PwC is seeking to poach staff from its Big Four rival EY and capitalise on “disruption” and “uncertainty” caused by EY’s decision to split its accounting and consultancy arms.
Bob Moritz, PwC’s global chair, told the Financial Times he was expecting to be able to lure senior managers and even some partners as the firm pursues a big expansion in headcount.
Hiring opportunities had picked up, he said, since EY provided partners with more details of its split. “Now you’ve got some basics outlined you’re starting to see a little pick-up in that area. People now see one side or the other and [ask] ‘is that the organisation I want to be part of?’ and ‘is that the culture I want to be part of?’”
Moritz reiterated PwC’s commitment to keeping its consulting and audit arms together, saying it was “watching and assessing” EY’s move but had not changed its conclusion that a “multi-competency” model strengthened both sides of the firm.
“We want to be extremely certain and definitive . . . to give our people certainty, that there’s a long-term sustainable future for them, and it’s full of career opportunities,” he said. “My hope is that with a little disruption in the industry, that creates opportunity [and] we can pick up on the uncertainty, not necessarily just [at] EY.”
EY said last month that its global leadership had decided in favour of splitting the business, and the decision now goes to each of its local partnerships for approval. Votes will begin around the end of the year, with the aim of floating the consulting business on the stock market in late 2023.
EY partners are in line for big windfalls if they stay through the split. Consulting partners will be handed a 75 per cent share of the advisory business, potentially worth as much as seven to nine times their annual salary. Audit partners could get cash payouts of two to four times their annual earnings. Moritz said it would be easier to lure away senior managers, one or two layers below partner.
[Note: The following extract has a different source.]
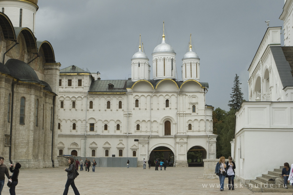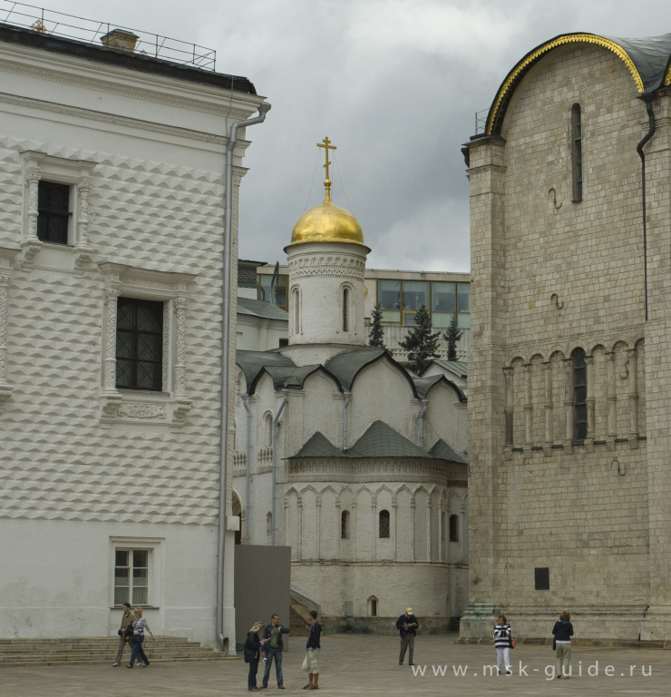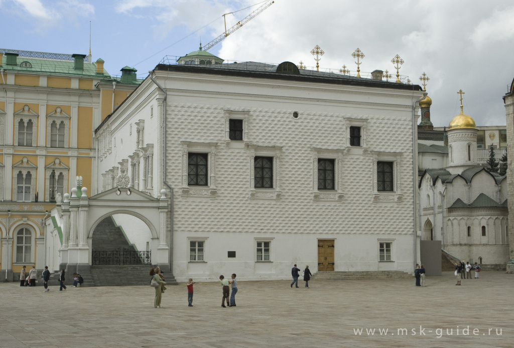 В 1487–1491 годах для торжественных приемов строится Грановитая палата. Она была задумана как тронный зал в новом дворце Ивана III и два века оставалась самым большим залом — 495 кв.м. Строительство велось итальянским мастером Марко Фрязиным, а затем — ломбардским архитектором Пьетро Антонио. Парадные Святые сени примыкают с западной стороны здания. К ним ведет открытая каменная лестница — Красное крыльцо. Главный восточный фасад, облицованный белокаменными блоками, выходит на Соборную площадь. Каждый из блоков отесан на четыре грани. Отсюда и название Палаты — Грановитая. В 1838–1849 годах при строительстве Большого Кремлевского дворца ее через Святые сени соединили с Владимирским залом. Сейчас Грановитая палата является одним из представительских залов при Резиденции Президента Российской Федерации.

EY said the split would create two faster-growing companies with more opportunities for its staff, including a faster path to partner. “They should be worried about us poaching from them,” the firm’s spokesperson said.
PwC is barely a year into a five-year plan to add 100,000 jobs. It employed 328,000 people at the end of June, 32,000 more than the year before.
The firm made 17 acquisitions last year to fill gaps in its consulting services and would continue to pursue deals opportunistically, Moritz said, but was also turning its focus to investing in new lines of business.
Moritz spoke to the Financial Times shortly ahead of the publication of PwC’s annual revenue figures for the year to June 30. These showed a 23.5 per cent jump in its consulting business, to $20.7bn, a 7.6 per cent increase in the assurance business which includes audit, to $18bn, and a 6.8 per cent rise in tax and legal services, to $11.6bn.
Overall, the firm posted 13.4 per cent revenue growth for a total of $50.3bn. Growth rates are calculated at constant currency rates.
EY last month said its revenues for the year to end of June were up 16.4 per cent in local currency, to $45.4bn.
PwC’s growth was fastest in the Americas, where revenues were up 16.3 per cent.
Work on mergers and acquisitions, a major driver of the consulting business, has turned down since the fiscal year-end, Moritz said, signalling a tougher period ahead, although its pipeline of new business remained strong overall.
“Smaller to medium-sized organisations have already started to course correct for a slowing economy and you’re starting to see a pivot towards defensive moves such as cost reduction,” he said. “But the medium to larger-sized organisations are actually going even faster after transformation.”